Personel naziemny linii Widerøe wyprosił z samolotu dziewięciu Polaków bez podania powodu, natomiast znajdujący się pod wpływem alkoholu pasażer – również polskiego pochodzenia – spokojnie doleciał do celu – poinformowała w internecie mieszkająca w Norwegii Polka. Całą sytuację oceniła jako przejaw dyskryminacji ze względu na narodowość.

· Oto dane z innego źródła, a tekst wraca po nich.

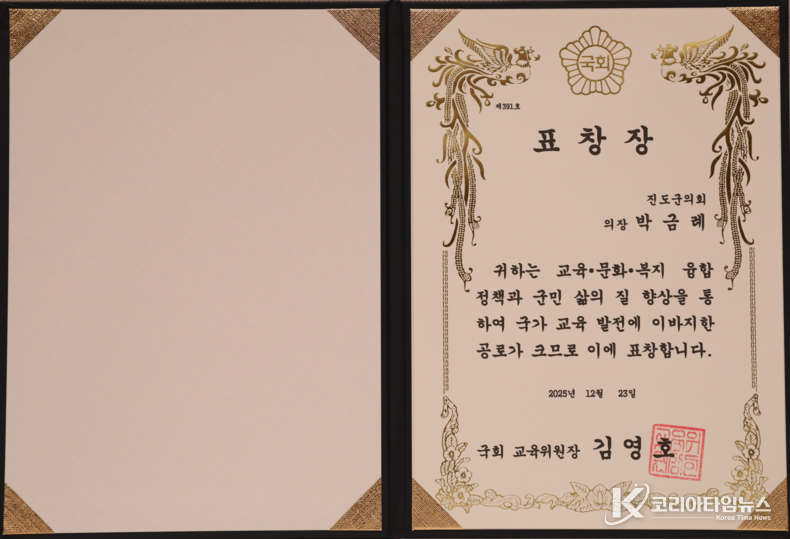 코리아타임뉴스 이아름 기자 | 진도군의회 박금례의장, 2025년 12월 23일 한국프레스센터에서 한국시사경제 • 코리아타임뉴스(윤광희 회장)주최, SBS • 기획재정부 • 교육부 • 문화체육관광부 • 농림축산식품부 • 산업통상부 • 기후에너지환경부 • 고용노동부 • 해양수산부 • 중소벤처기업부 후원으로 열린 ‘2025 대한민국 글로벌파워브랜드 대상(GPBA) 및 국회 상임위원장 표창 시상식’ 에서 박금례의장이 대상과 국회 교육위원장 표창을 수상했다.

Mój mąż wsiada do samolotu Widerøe, razem z nim wsiada grupa nieznających się Polaków. Jeden jest w sztok pijany, ale to do mojego podchodzi nagle ground service officer, wypraszając jego i osiem innych osób z samolotu i nie podając powodu. Wyproszone osoby to wyłącznie POLACY, Pijany w sztok Polak zostaje w samolocie i leci do celu
— nie kryła oburzenia.
Mąż i pozostali pasażerowie na własne życzenie chcą wykonać badanie na obecność alkoholu we krwi na lotniskowym posterunku policji, policja twierdzi, że nie ma takiej technicznej możliwości. Jadą na własny koszt na inny posterunek policji w Oslo. Tam wykonują badanie krwi, wszyscy mają 0%., ale policja nie chce udostępnić wyników poszkodowanym i nie zgadza się na wykonanie zdjęcia badania. Zostają skierowani do stołecznego szpitala. Tam zostają powiadomieni, że badanie na obecność alkoholu we krwi to może im zrobią za 7 godzin. Mąż rezygnuje z badania, kupuje bilet do Forde, gdzie pracuje. Kupuje go za własne pieniądze. W hotelu jest o 2 w nocy, a pracę zaczyna o 6 rano
— relacjonowała, dodając, że obecnie czeka na wyjaśnienia przewoźnika i odpowiedź ambasady.
To jest skandal
— podkreśliła.
W sieci można znaleźć zdecydowanie więcej przykładów dyskryminacji Polaków, zarówno przez okryty jak najgorszą sławą urząd Barnevernet, jak i pracodawców.